Mutuality
Article 2511 of the Civil Code establishes that “cooperatives are open-ended investment companies with mutual purpose”. In the ministerial report to the Civil Code, mutuality is so defined: “to supply members with goods or services or work opportunities on more favorable terms than those they would obtain by the market”.
Mutuality has the following consequences:
• prohibition on distributing dividends by amount exceeding the rate of postal savings certificates that increased 2,5 percentage points updated to the paid-up capital ;
• prohibition on distributing supply among members (“unavailable supply”);
• deposit of 3% of annual net profits to the Provincial Mutual Fund (in the case of Trentino) for the promotion and development of cooperation;
• devolution, in case of dissolution of the company, of the entire social patrimony, only paid up capitals and dividends eventually earned to be deducted- in favour of the provincial fund.
In the opinion of Ivano Barberini “the Italian legislation doesn’t define, in a precise and clear way, what mutuality means: it leaves its interpretation to the cooperators”.

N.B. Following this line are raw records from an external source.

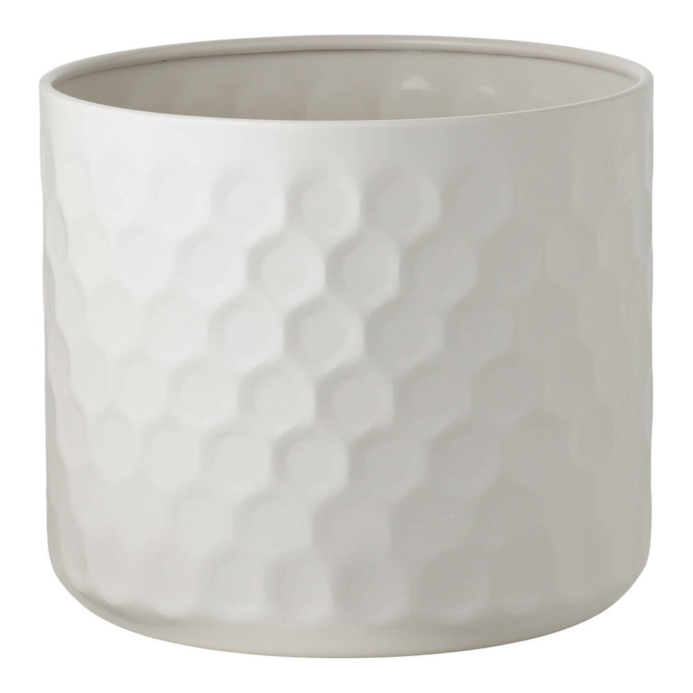 Hvid rund urtepotte i stål.
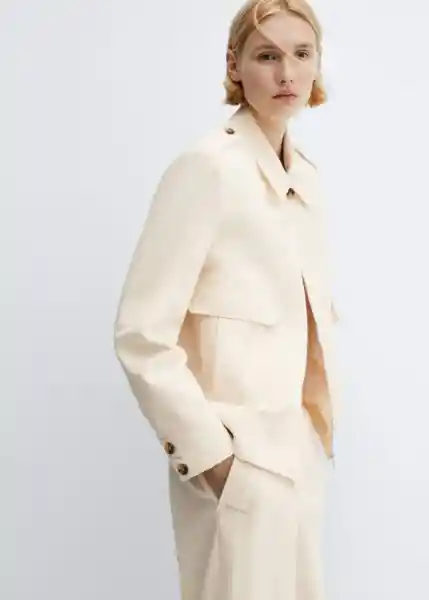 Bajo Con Goma Elástica Bolsillos Laterales Cierre de Botones en la Parte Delantera Cierre de Cremallera en la Parte Delantera Cuello Camisero Diseño Recto Dos Bolsillos de Parche en la Parte Delantera Manga Larga Tejido Mezcla de Algodón y Lino - 67025760_02.
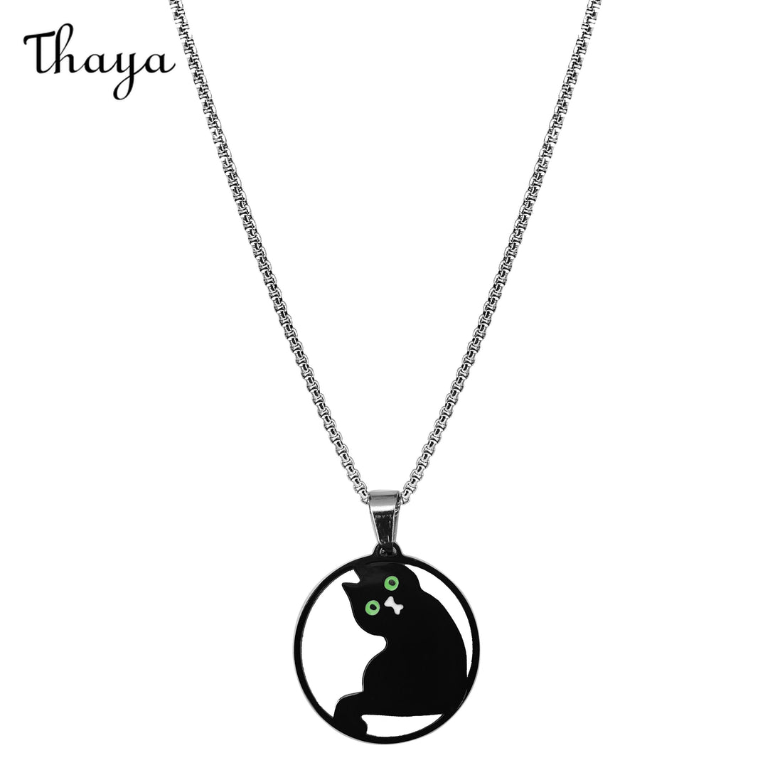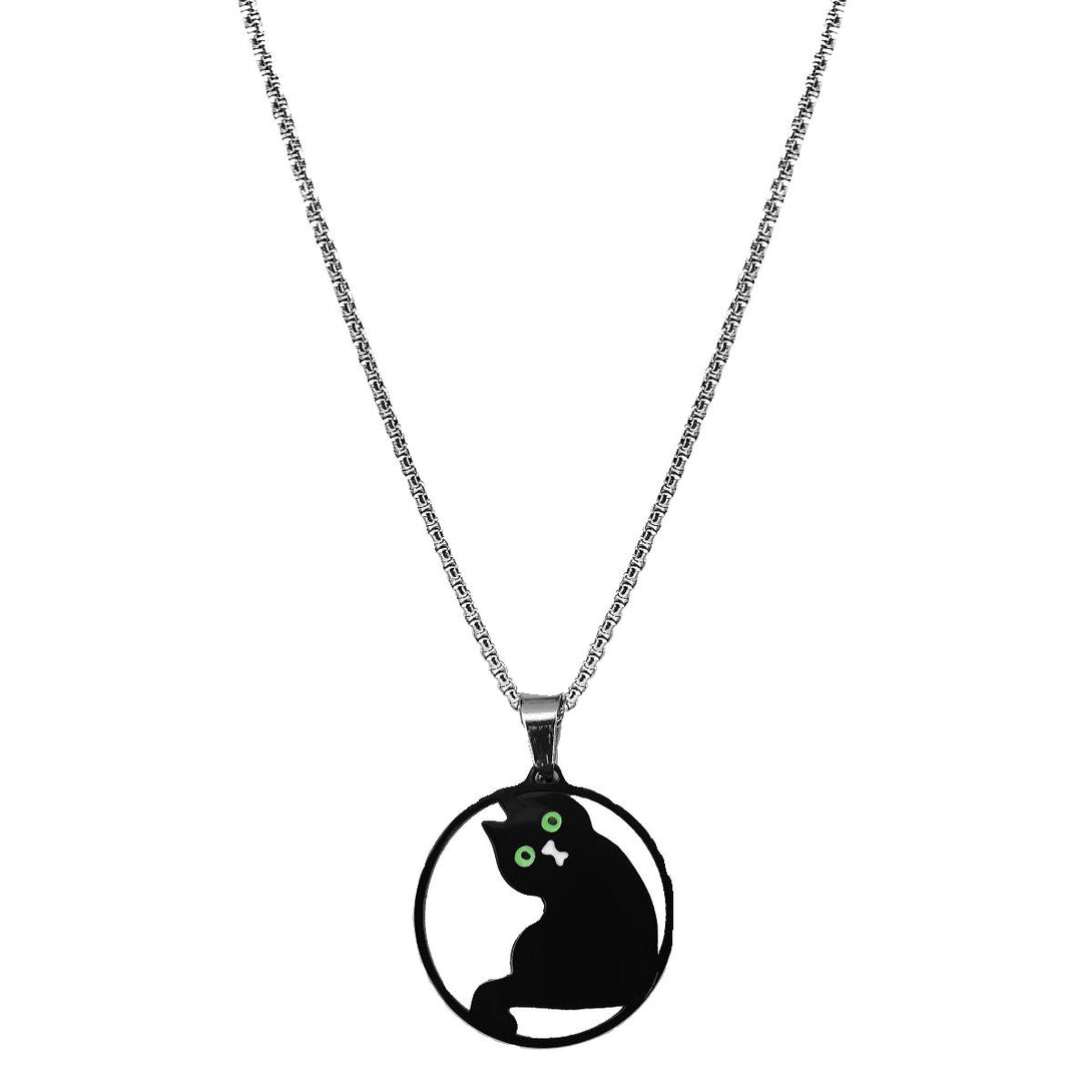 This whimsical necklace features a round pendant showcasing a sleek black cat silhouette with striking green eyes. The design is simple yet captivating, making it a fun and stylish accessory.
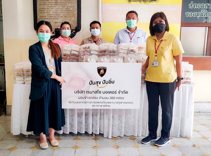 บริษัท เรนาสโซ มอเตอร์ จำกัด ตัวแทนจำหน่ายรถยนต์ลัมโบร์กินีอย่างเป็นทางการรายเดียวในประเทศไทย ตอกย้ำเจตนารมณ์ในการร่วมเป็นส่วนหนึ่งของสังคม ผุดโปรเจค "ปันสุข ปันอิ่ม" เพื่อสนับสนุนผู้ประกอบการร้านอาหารขนาดเล็กที่ได้รับผลกระทบจากสถานการณ์การระบาดของโควิด-19 ตลอดจนบรรเทาความเดือดร้อนให้แก่ผู้ติดเชื้อที่กักตัวในชุมชนในพื้นที่กรุงเทพมหานคร โดยส่งมอบอาหารกล่องที่ปรุงสดใหม่เป็นที่เรียบร้อยแล้วรวม 1,500 กล่อง ตลอดเดือนกันยายนที่ผ่านมา อาทิ ชุมชนสามัคคีร่วมใจ บางเขน, โรงพยาบาลรามาธิบดี มหาวิทยาลัยมหิดล, ชุมชนชายคลองเสนานิคม เขตจตุจักร, โรงพยาบาลจุฬาลงกรณ์ สภากาชาดไทย, ศูนย์สร้างสุขทุกวัย เขตจตุจักร
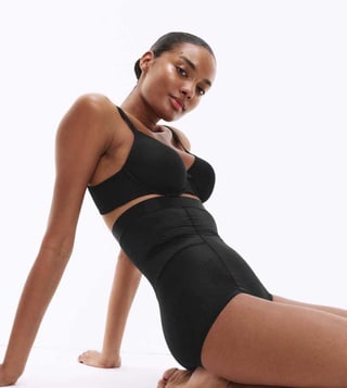 Enhance your silhouette in these shaping knickers with a waist-nipping effect. This high-rise style has comfortable fit. Striped sheer panels give the knickers a striking finish.
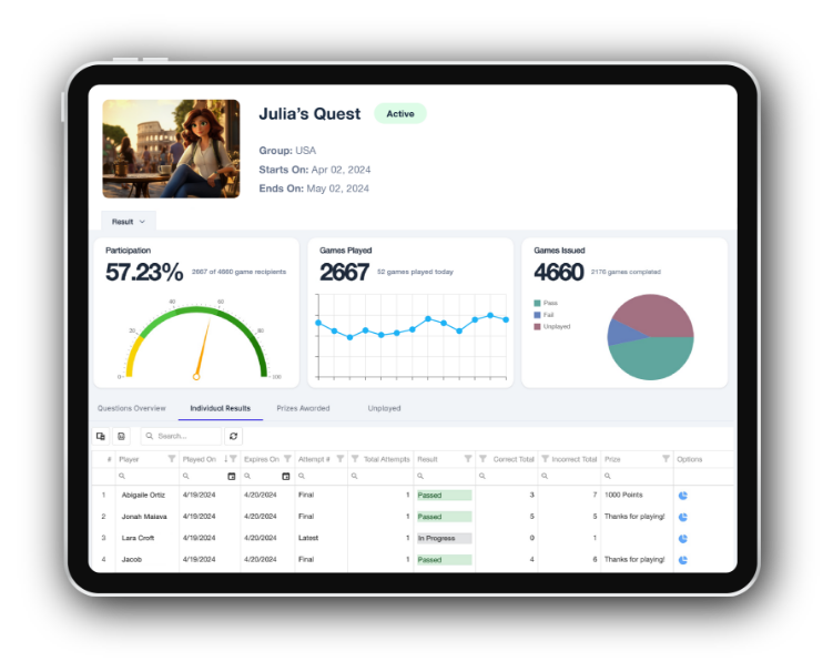 One Micro-learning Game remove One Sales Performance-based Game One Poll Game remove Prizing Options Ideal for Learn & Earn, New Product Launch, Milestone attainment, Sales Kick-Off, Onboarding new reps., etc. The Julia’s Quest Mission is fully customizable to your content and objectives, with prizes and odds to fit your budget. In the animated wonderland of Rome, we meet Julia, a spirited young travel agent, unwinding at a quaint café. As she savours her downtime, an enigmatic message materializes on her phone, luring her into an adventurous pursuit of a mysterious amulet hidden somewhere in the Eternal City.

Ivano Barberini specifies: ”if the basic motivation- the mutual exchange- is the same for every cooperative regardless of their dimensions and sectorial belonging, the content of the exchange is different:
• it can be the job (worker co-op)
• the protection of purchasing power, of health or savings (co-op user),
• marketing, transformation of products,
• provision of means of production (cooperatives and entrepreneurs)
• a mix of all this in the case of multifunctional or multi-stakeholders cooperatives”.

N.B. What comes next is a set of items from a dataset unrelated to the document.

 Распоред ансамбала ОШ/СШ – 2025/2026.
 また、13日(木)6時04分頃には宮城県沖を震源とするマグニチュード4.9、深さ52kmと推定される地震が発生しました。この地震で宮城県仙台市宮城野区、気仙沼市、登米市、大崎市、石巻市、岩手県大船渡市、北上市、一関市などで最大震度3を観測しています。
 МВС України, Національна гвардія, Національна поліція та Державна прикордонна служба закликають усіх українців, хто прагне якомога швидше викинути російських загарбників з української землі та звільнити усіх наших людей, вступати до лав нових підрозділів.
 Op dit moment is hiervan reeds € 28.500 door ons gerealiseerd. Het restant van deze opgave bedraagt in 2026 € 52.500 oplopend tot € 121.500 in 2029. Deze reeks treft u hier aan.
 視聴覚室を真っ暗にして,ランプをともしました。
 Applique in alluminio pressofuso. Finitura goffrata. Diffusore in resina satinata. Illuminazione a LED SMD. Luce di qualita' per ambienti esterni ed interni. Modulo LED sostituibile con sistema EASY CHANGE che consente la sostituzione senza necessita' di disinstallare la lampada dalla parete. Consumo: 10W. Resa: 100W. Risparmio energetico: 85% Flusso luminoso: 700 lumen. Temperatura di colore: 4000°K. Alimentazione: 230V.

The economist Paolo Leon (2002) recognizes that cooperative enterprises have two types of mutualities: “internal mutuality, in which the cooperators operate to their own and exclusive advantage. The external mutuality that often comes from the internal one, for which cooperatives not only produce for their own members but also for the citizens. It develops where the risk of monopolistic profit is strong and benefits of the market are weak (…) by having an anti-monopoly role, external mutuality is confronted by the greatest opponents in private interest groups, in big companies, in the world of financial risk”.
The Charter of Values of Cooperation in Trentino (2007) reaffirms:
Solidarity acts so that the value of mutuality doesn’t turn into a privileged group that benefits exclusively only members of the cooperative movement.
Solidarity wants instead to enlarge the mutual benefits also
to new members and cooperative enterprises, to a wider community,
so as to play as a counterpart to social inequalities.
According to Stefano Zamagni, “the mutual principle is a particular form of the vaster principle of reciprocity, typical of the civil enterprise”.